PROBLEM TO SOLVE: The output should be the listing below, limited to the lines from the one with "如果要增强基层对技术运用能力" through the one with "數(shù)量在2臺以上的自卸車車型及數(shù)量", exact and without pictures.

RECORDS TO PROCESS:
=== Section Start ===
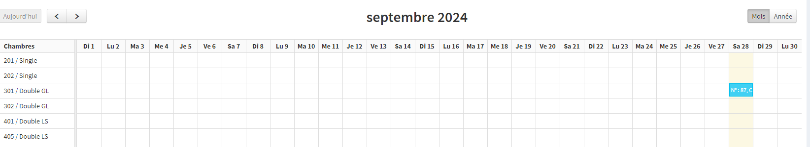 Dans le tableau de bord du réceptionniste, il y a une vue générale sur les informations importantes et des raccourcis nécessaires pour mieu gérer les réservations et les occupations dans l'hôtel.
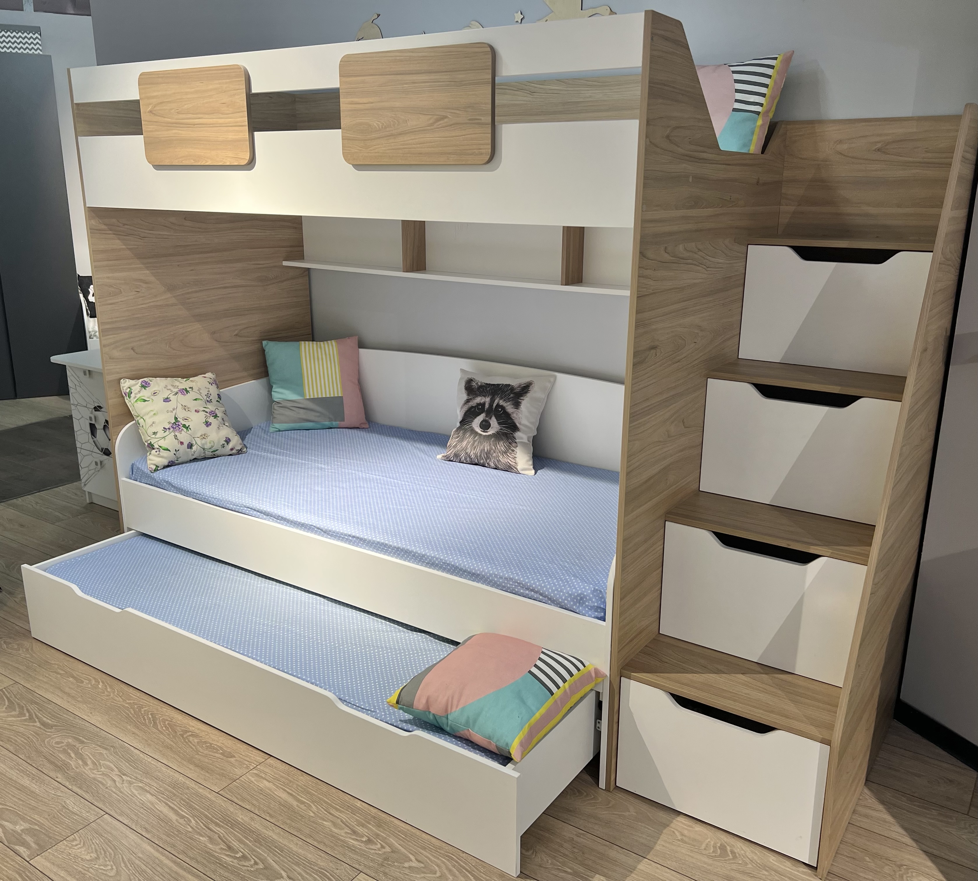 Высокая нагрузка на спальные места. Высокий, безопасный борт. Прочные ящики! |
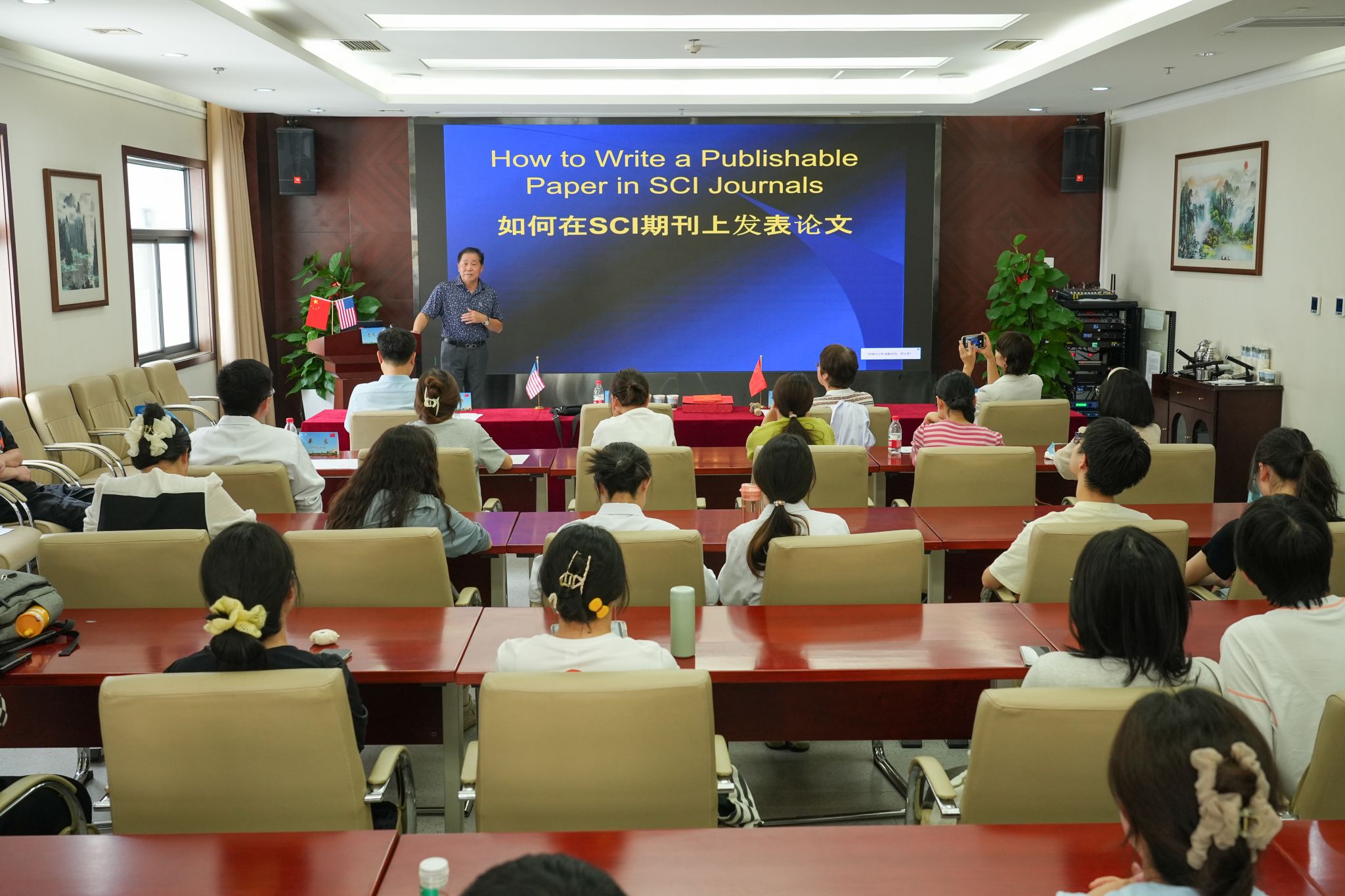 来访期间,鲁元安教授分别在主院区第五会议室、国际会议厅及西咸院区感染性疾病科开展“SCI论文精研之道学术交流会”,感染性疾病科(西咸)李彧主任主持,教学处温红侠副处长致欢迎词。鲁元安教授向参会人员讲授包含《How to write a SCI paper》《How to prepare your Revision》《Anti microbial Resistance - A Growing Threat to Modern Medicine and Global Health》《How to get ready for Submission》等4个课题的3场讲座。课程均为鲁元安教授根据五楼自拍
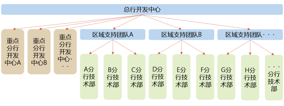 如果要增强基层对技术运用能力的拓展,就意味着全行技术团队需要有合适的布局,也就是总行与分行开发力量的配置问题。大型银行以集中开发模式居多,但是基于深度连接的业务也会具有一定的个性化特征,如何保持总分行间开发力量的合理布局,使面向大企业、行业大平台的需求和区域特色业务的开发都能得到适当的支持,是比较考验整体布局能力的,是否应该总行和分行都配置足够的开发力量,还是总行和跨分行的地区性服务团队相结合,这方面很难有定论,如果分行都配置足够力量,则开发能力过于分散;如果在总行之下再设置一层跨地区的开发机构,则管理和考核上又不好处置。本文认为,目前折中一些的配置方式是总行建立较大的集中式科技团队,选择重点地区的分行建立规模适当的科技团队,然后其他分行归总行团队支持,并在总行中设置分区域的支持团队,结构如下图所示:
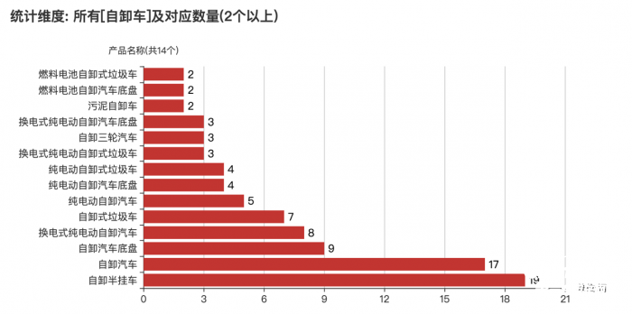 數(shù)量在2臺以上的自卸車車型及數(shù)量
=== Section End ===
=== Section Start ===
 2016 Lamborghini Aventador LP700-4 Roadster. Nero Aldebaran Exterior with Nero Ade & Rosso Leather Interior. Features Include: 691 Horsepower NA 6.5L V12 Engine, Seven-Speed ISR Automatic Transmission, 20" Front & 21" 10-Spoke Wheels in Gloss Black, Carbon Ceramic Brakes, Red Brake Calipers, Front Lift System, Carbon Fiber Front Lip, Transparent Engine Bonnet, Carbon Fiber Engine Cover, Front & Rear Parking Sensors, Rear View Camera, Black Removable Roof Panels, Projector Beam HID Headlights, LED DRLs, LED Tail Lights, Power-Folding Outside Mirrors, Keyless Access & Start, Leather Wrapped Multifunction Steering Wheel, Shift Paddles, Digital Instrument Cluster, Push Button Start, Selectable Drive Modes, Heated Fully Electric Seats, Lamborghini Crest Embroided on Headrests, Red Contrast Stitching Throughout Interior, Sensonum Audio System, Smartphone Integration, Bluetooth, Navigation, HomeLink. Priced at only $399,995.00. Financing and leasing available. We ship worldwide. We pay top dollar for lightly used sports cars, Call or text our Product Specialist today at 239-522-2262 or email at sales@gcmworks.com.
=== Section End ===
=== Section Start ===
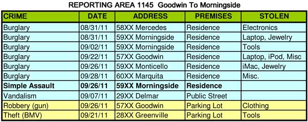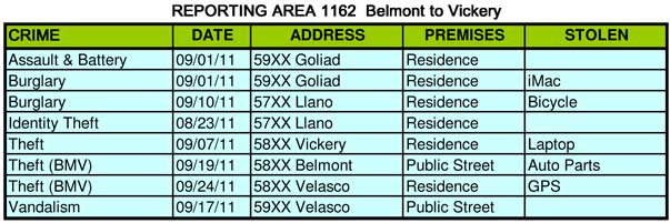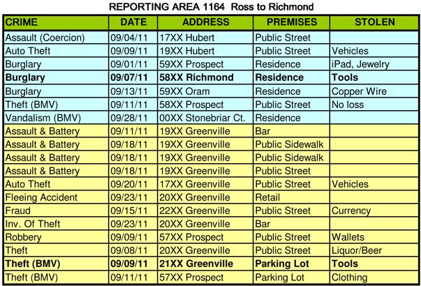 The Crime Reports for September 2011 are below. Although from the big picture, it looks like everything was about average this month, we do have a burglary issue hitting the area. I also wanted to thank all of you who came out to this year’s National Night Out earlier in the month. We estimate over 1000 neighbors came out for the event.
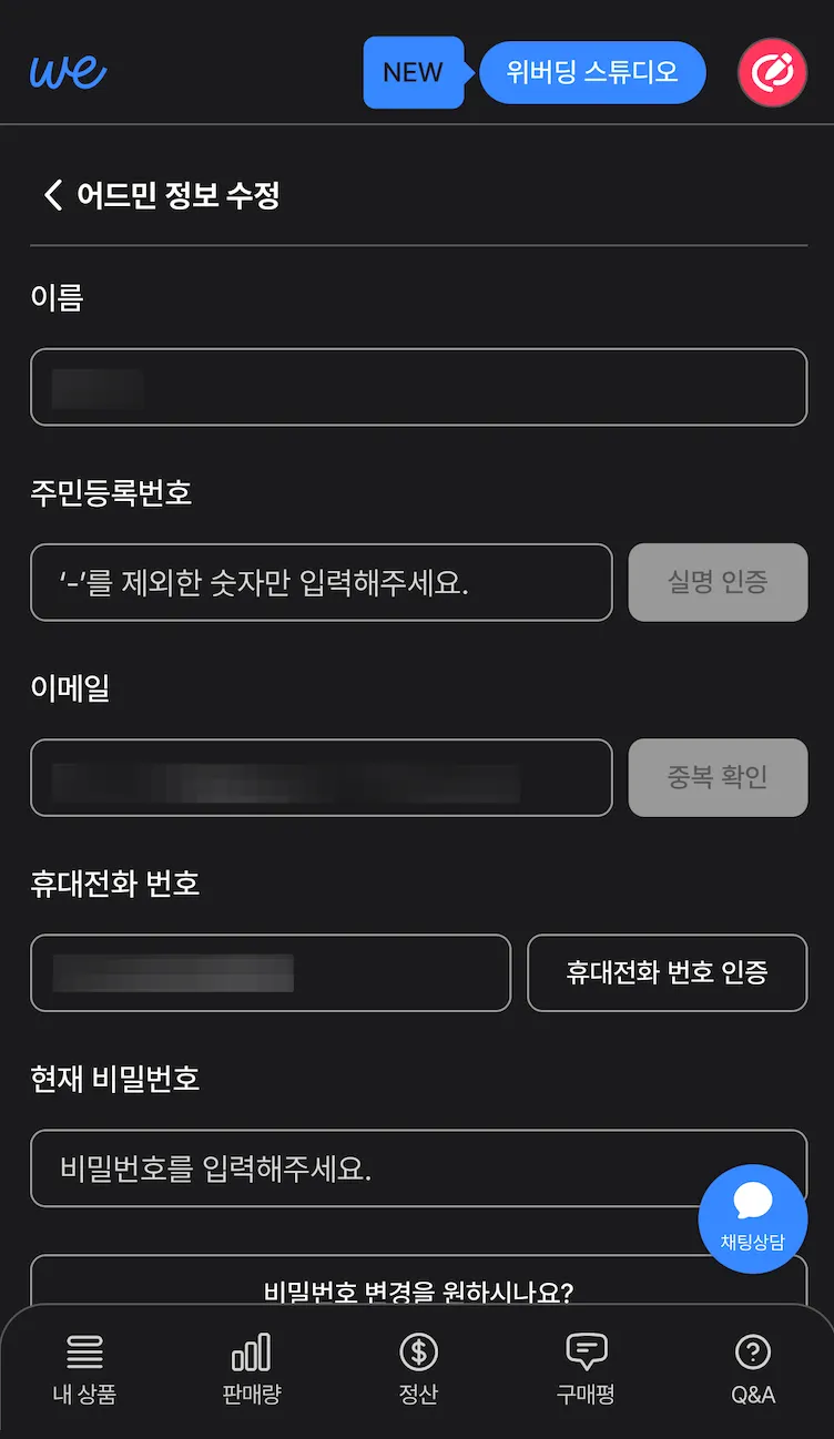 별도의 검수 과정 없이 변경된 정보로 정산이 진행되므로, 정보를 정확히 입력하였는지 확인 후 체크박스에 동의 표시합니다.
=== Section End ===
SOLUTION:
 如果要增强基层对技术运用能力的拓展,就意味着全行技术团队需要有合适的布局,也就是总行与分行开发力量的配置问题。大型银行以集中开发模式居多,但是基于深度连接的业务也会具有一定的个性化特征,如何保持总分行间开发力量的合理布局,使面向大企业、行业大平台的需求和区域特色业务的开发都能得到适当的支持,是比较考验整体布局能力的,是否应该总行和分行都配置足够的开发力量,还是总行和跨分行的地区性服务团队相结合,这方面很难有定论,如果分行都配置足够力量,则开发能力过于分散;如果在总行之下再设置一层跨地区的开发机构,则管理和考核上又不好处置。本文认为,目前折中一些的配置方式是总行建立较大的集中式科技团队,选择重点地区的分行建立规模适当的科技团队,然后其他分行归总行团队支持,并在总行中设置分区域的支持团队,结构如下图所示:
 數(shù)量在2臺以上的自卸車車型及數(shù)量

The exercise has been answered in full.